Extracted records:
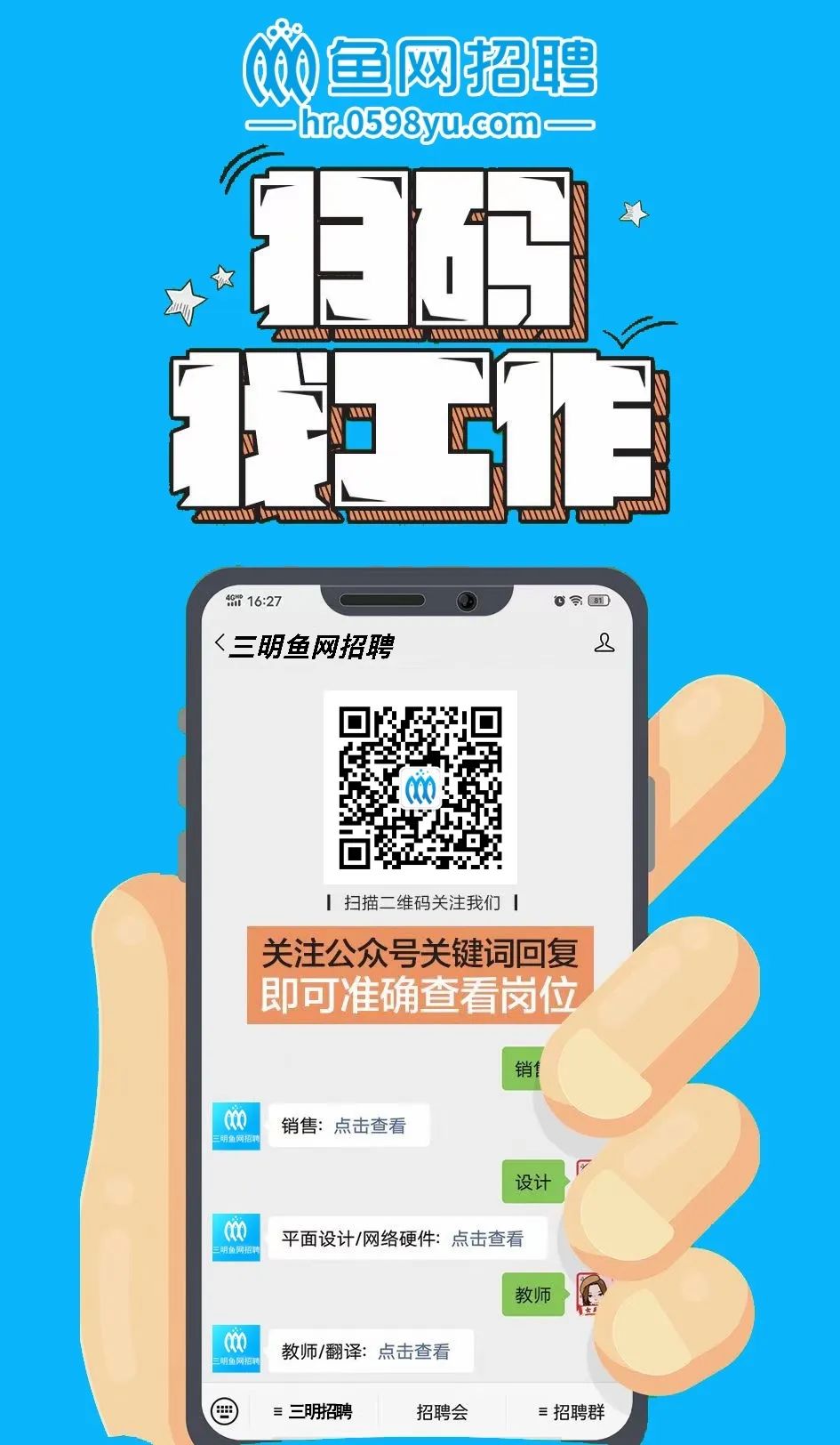 扫码关注三明鱼网招聘
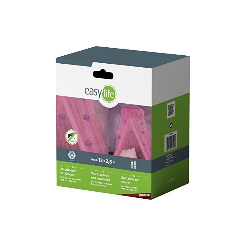 High quality and highly decorative mosquito net suitable for both single beds and double beds. The ring of the canopy can be dismantled or interlocked, creating a small transport volume. This makes the mosquito net the perfect travel companion. The maximum height is 250 cm, the maximum circumference 12.5 m. Connected ring diameter 60 cm. Colour: blue, apricot, orange, white, pink. Washable at 30 degrees. Transport dimensions: approx. 18 x 21 x 10 cm.
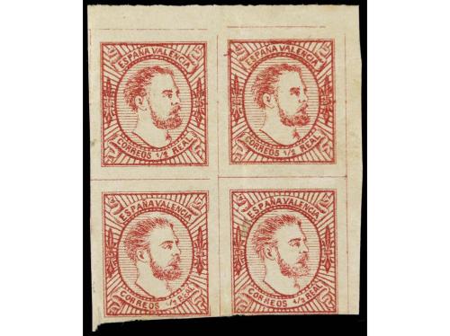 * ESPAÑA. Ed. 159 (4). 1/2 real carmín. Bloque de cuatro, se
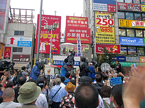 夕方5時頃、中野駅北口、鳥越俊太郎候補の街頭演説です。
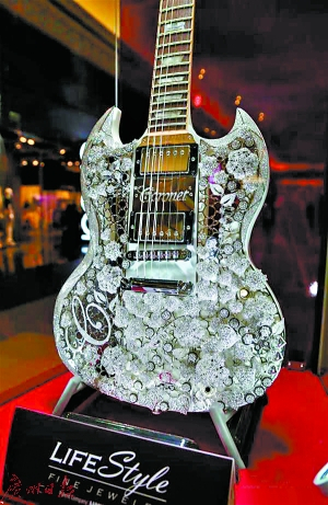 这件钻石吉他由中国香港著名音乐人雷颂德设计,周大福珠宝公司与吉布森吉他公司合作出品,用400克拉钻石和1.6公斤黄金镶嵌打造而成,总价值达200万美元(约合1300万元人民币)。
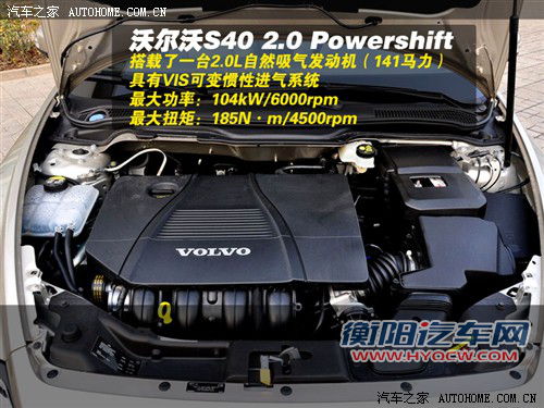 目前在售的S40搭载的是与上一代福特福克斯一样的2.0L自然吸气发动机,带有VIS可变惯性进气系统,但在调校上略有区别,最大功率104kW/6000rpm(141马力),最大扭矩185N·m/4500rpm,必须使用97号汽油。说实在的,这款发动机从参数上来看实在一般,拖动整备质量达1.43吨的S40并不轻松,但好在Powershift6挡双离合变速箱能够弥补经济型上的不足,并且经过多年的市场历练,这款变速箱在可靠性上也有保障。

Required action:
Output all the records above again exactly, with the pictures dropped.

Completed exercise:
 扫码关注三明鱼网招聘
 High quality and highly decorative mosquito net suitable for both single beds and double beds. The ring of the canopy can be dismantled or interlocked, creating a small transport volume. This makes the mosquito net the perfect travel companion. The maximum height is 250 cm, the maximum circumference 12.5 m. Connected ring diameter 60 cm. Colour: blue, apricot, orange, white, pink. Washable at 30 degrees. Transport dimensions: approx. 18 x 21 x 10 cm.
 * ESPAÑA. Ed. 159 (4). 1/2 real carmín. Bloque de cuatro, se
 夕方5時頃、中野駅北口、鳥越俊太郎候補の街頭演説です。
 这件钻石吉他由中国香港著名音乐人雷颂德设计,周大福珠宝公司与吉布森吉他公司合作出品,用400克拉钻石和1.6公斤黄金镶嵌打造而成,总价值达200万美元(约合1300万元人民币)。
 目前在售的S40搭载的是与上一代福特福克斯一样的2.0L自然吸气发动机,带有VIS可变惯性进气系统,但在调校上略有区别,最大功率104kW/6000rpm(141马力),最大扭矩185N·m/4500rpm,必须使用97号汽油。说实在的,这款发动机从参数上来看实在一般,拖动整备质量达1.43吨的S40并不轻松,但好在Powershift6挡双离合变速箱能够弥补经济型上的不足,并且经过多年的市场历练,这款变速箱在可靠性上也有保障。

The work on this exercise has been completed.